Other important proposals outlined in the consultation paper include:
rebasing of PIF fees to enhance the Bailiwick’s competitive position in the funds sector, with a change to the structure of fees for banded investment licensees consequent adjustments for designated administrators
adjustment to the banded fiduciary fees in recognition of, and in response to, the growing disparity between firms at the top and bottom of the higher bandings as a result of recent mergers and acquisitions
introduction of banded fees, rather than a per employee fee, for prescribed businesses to make the costs simpler and fairer for businesses with fewer staff
introduction of fees, based on a “user pays” principle, to reflect the additional work and due diligence needed when positive approval is required for the following requests:
change of designated custodian or designated administrator of a fund
transfer of business between investment or fiduciary licensees
change of general representative for insurance firms
additional fund elements being added to a closed-ended investment fund
linked to the above is the introduction of an annual fee in respect of individual elements or share classes of closed-ended funds, mirroring the fee applicable for open-ended funds
material reduction to VASP fees, aiming to encourage the development of this emerging market as part of the DFI
introduction of application and annual fees for firms wishing to undertake activities under the new equity release framework
The GFSC has reported a number of promotions and changes to its senior leadership roles.
With effect from January 2026, Dr Jeremy Quick will move from being Director of Banking and Insurance to being the part-time Director of Resolution and will work to ensure a proper and economical implementation of the Bank Resolution (Bailiwick of Guernsey) Law, 2025 over the next three years.
Martin McHugh is promoted to Director of Banking and Insurance Supervision following previous roles at the GFSC where he has led on policy development across the banking, insurance, fiduciary, investment and pensions sectors at different times.
Nick Herquin is promoted to Director of Investment, Fiduciary and Pension Supervision and will continue to undertake MONEYVAL / FATF inspection work to ensure that the GFSC remains abreast of evolving international expectations.

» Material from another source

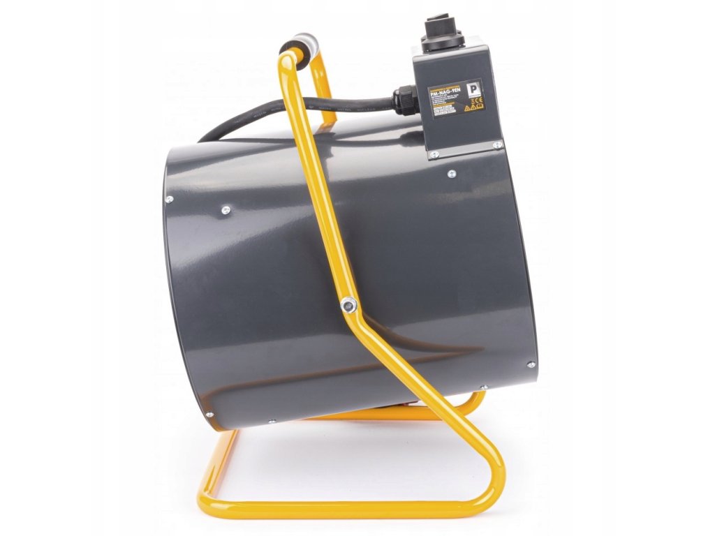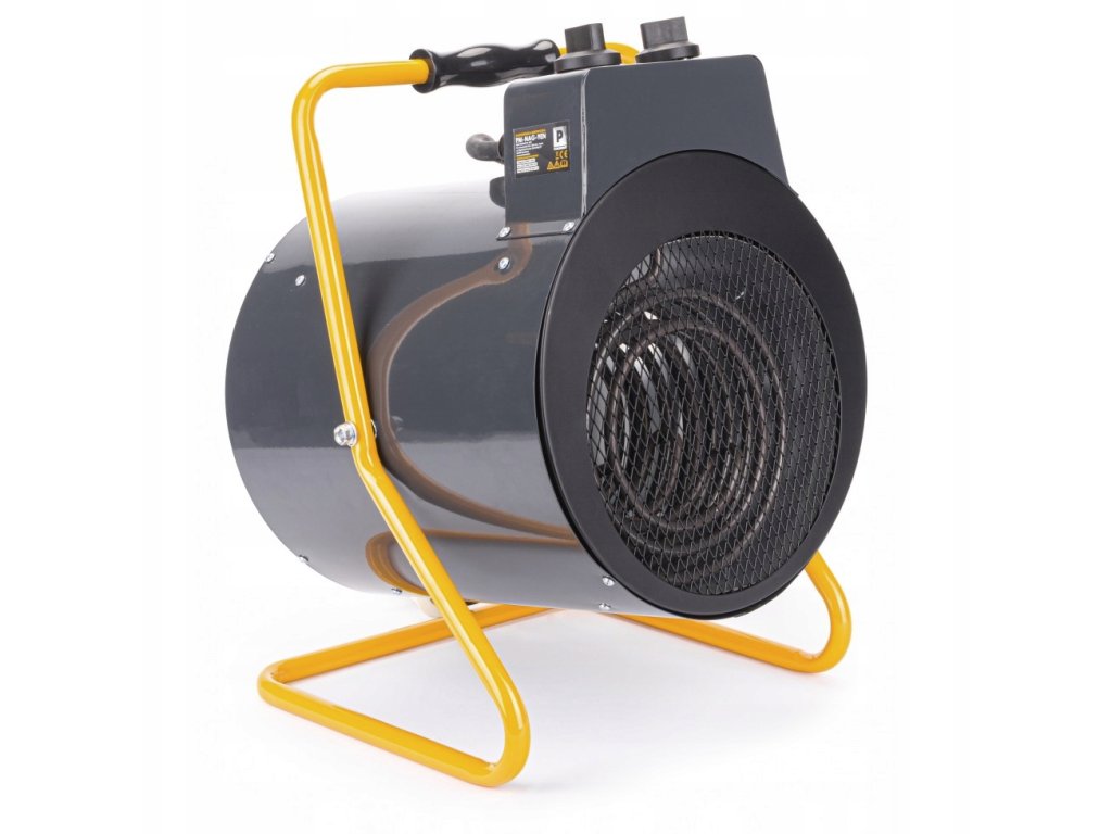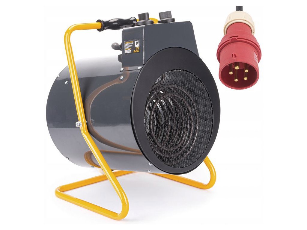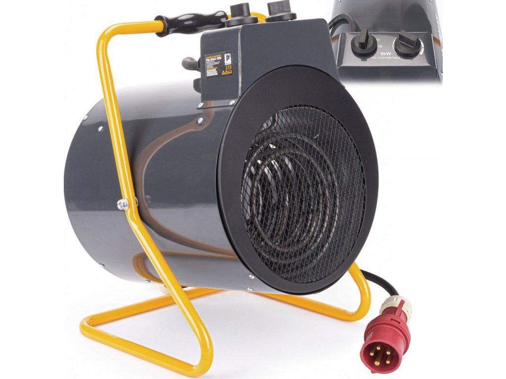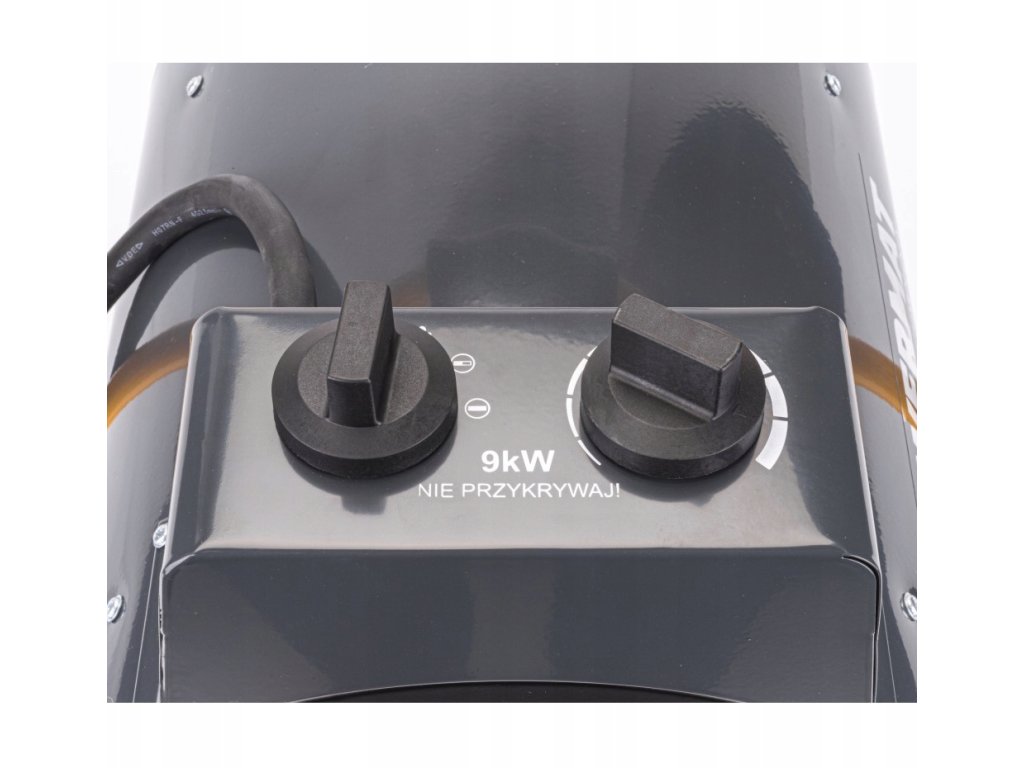 Výkonný teplovzdušný ohrievač s až9 kW, napájanie3×400 V/50 Hz. Ponúka tri režimy výkonu (0 / 4,5 kW / 9 kW), integrovaný termostat a ventilátor, ktorý rovnomerne rozvádza teplo - ideálne pre garáže, dielne, sklady a montážne haly.

Gillian Browning, Deputy Director General (Policy and Supervision), will, inter alia, lead the GFSC’s policy development programme, including the new policies being co-developed with both industry and the legal community under the Digital Finance Initiative. In this work she will be supported by Jon Tooley and Lisa Peterson, who also remains the GFSC’s Chief Actuary.
Dr Conor Osborough is promoted to Director of Technology. In his new role, he will champion the GFSC’s internal optimisation of technology to increase efficiency and effectiveness.
Alice Joy, the GFSC Secretary, has had her title amended to Director of External Affairs and, in addition to her current responsibilities, will also be absorbing Nick Herquin’s current duties as Head of International Co-operation and Economic Enhancement.